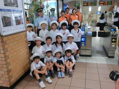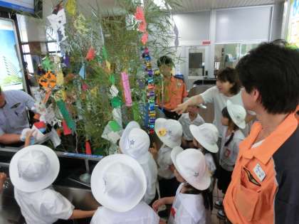 毎年、1年生と2年生がこの取り組みに参加させていただいています。たんざくに書かれたことばの中には、「電車の運転士になれますように」と書いていた子どももいたので、JR関係者の皆様もとても喜んでおられました。
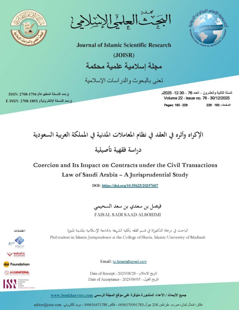 Title of the Study: Coercion and Its Impact on Contracts under the Civil Transactions Law of Saudi Arabia: A Jurisprudential Study: A Jurisprudential Study
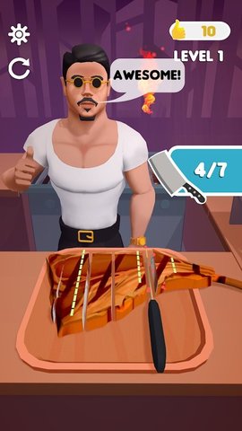 2、并不需要你真正准备盐,手指滑动或者点击来撒盐,完成烤肉的制作。

^^^^^^^^

Beginning with the line that holds "Title of the", extract every line to the end of the material, exactly as it stands, and drop the pictures.

 Title of the Study: Coercion and Its Impact on Contracts under the Civil Transactions Law of Saudi Arabia: A Jurisprudential Study: A Jurisprudential Study
 2、并不需要你真正准备盐,手指滑动或者点击来撒盐,完成烤肉的制作。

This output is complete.